Calculate the magnitude of the total angular momentum of the woman

[Black_Hole???]

Question:

A woman with a mass of 55.0 is standing on the rim of a large disk that is rotating at an angular velocity of 0.550 about an axis through its center. The disk has a mass of 106 and a radius of 4.10 .
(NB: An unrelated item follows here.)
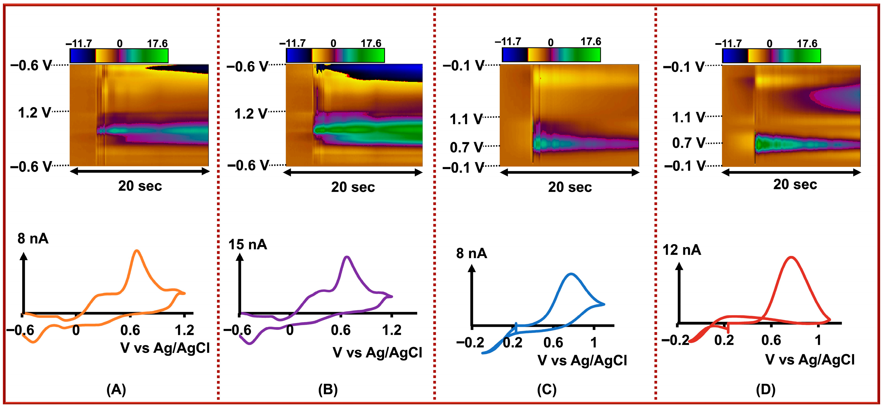 Top row: Representative color plots showing the simultaneous detection of (A) DA, 0.5 µM, (B) Cu2+, 2.0 µM, (C) Cd2+, 0.01 µM, and (D) As3+, 1.0 µM. Bottom row: Corresponding CVs for each analyte extracted from the color plots. All measurements were obtained simultaneously using our four-bore CFM system with individually applied, optimized FSCV waveforms for each analyte.
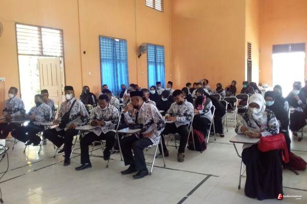 LINGGA - Pengurus Cabang Persatuan Guru Republik Indonesia (PGRI) Kecamatan Lingga mengelar Bimtek pemantapan PTK yang berlangsung 15-17 Oktober 2021 di Aula SMA Negeri 1 Lingga, Senin (18/10/2021). Kegiatan ini diadakan dalam rangka HUT PGRI ke-76.

a.)Calculate the magnitude of the total angular momentum of the woman-plus-disk system. (Assume that you can treat the woman as a point.)


Here is my attempt.

L = I(omega)
= [(1/2)mr^2]omega
= [(1/2)(106 kg + 55 kg)(4.10m)^2]*3.456 rad/s
= 5143.8 kg m^2/s

=4676.7 which is wrong anyone got any incite?

 

[rl.bhat]

Calculate the moment of inertia of disc and woman separately and then add.

 

[Black_Hole???]

so i am going to use the formula

I = R^2 * M

and do

I = 4.1^2*55 + 4.1^2*106?
i got my answer as 5371.41

is that correct?


i get one chance to get it right so just making sure

 

[rl.bhat]

What is I for disc?

 

[Black_Hole???]

It is:

I = (m*r^2)/2

so it would then be

I= (55*4.1^2)/2 + (106*41.^2)/2
=1353.21

Is that right?

 

[rl.bhat]

No. What is I of woman?

 

[Black_Hole???]

I = R^2 * M?

so then add those two together for

I=4.1^2* 55 +4.1^2*106*(1/2)
=1815.48?

 

[rl.bhat]

That is right.

 

[Black_Hole???]

well the answer was wrong.

It was 6270

however i would like to know how this answer came to be

 

[rl.bhat]

In your problem angular velocity is 0,550 ?. What is the unit?= [(1/2)(106 kg + 55 kg)(4.10m)^2]*3.456 rad/s
= 5143.8 kg m^2/s

=4676.7 which is wrong anyone got any incite?
From where did you get 3.456?
Why the two answer are different?

 

[Dr.D]

How many women are you going to incite?